In this study, we propose the assumption of Neglog to exploit and augment the available experimental negative data from Negatome [31
] for genome-scale reconstruction of human protein–protein interaction networks. The assumption is based on structural conservation between a protein and its ortholog/paralog protein. Two proteins that do not interact are potentially mismatched spatiotemporally, which also probably take place between orthologs/paralogs. Because of the limited coverage of genes in Negatome, it is hard to validate the assumption via Negatome and we resort to protein structure alignment for analyses. Protein structure alignments show that the orthologs/paralogs of two interacting proteins are more structurally mismatched than a randomly sampled protein pair. As compared with random sampling, the Neglog method is easily interpretable and more credible. As compared with orthologs, paralogs develop new functions and have their structures varied, so that the paralogs of two proteins that do not interact still could develop a chance to interact. This noise could be to some extent counteracted by L2
-regualrized logistic regression model.
As the Negatome database only covers a very small number of genes/proteins, the Neglog set derived from this seed still covers very limited genes. As a result, the negative data solely from Neglogs run a high risk of training a biased model. To our knowledge, there are no other sources that manually curate a large number of human genes that do not interact. To enlarge the negative class space and reduce bias, the Neglog method also uses random sampling to sample a certain ratio of negative data. As the ratio of randomly sampled negative data is very low (equal to 0.3), the risk of introducing false negative data is much reduced. Reducing positive training data to the size of negative data in Negatome to train an ensemble of individual classifiers may be another alternative solution. This solution could reduce the bias of each individual classifier. However, as all the individual classifiers are trained on the same negative data, the diversities of individual classifiers are very limited. As a result, the final ensemble classifier trained in the small space of negative data is still potentially highly biased.

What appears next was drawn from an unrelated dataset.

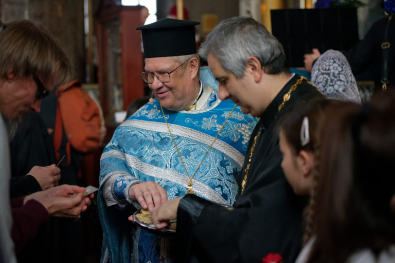 Helsingin ortodoksisen seurakunnan Kirkkoherra Markku Salminen on nyt Ekumeenisen istuimen rovasti. Liturgian päätteeksi hän jakoi Ekumeenisen Patriarkka Bartolomeoksen siunaamia ikonikortteja kirkkokansalle. Kuva: Kateryna Chyhryn

Cross validation and independent test show that the Neglog method achieves much better and less biased performance than random sampling. In addition, the Neglog methods outperforms existing methods in terms of ROC-AUC scores. Computational results show that ROC-AUC score is not sufficient to estimate the potential model bias and independent test especially on the negative class is indispensable for model evaluation. Lastly, we use the trained model to validate the PPIs from STRING [7
], in which most PPIs are not experimentally or computationally validated. GO enrichment analyses of the predicted partners of protein YBX2 to some extent validates the rationality of predictions.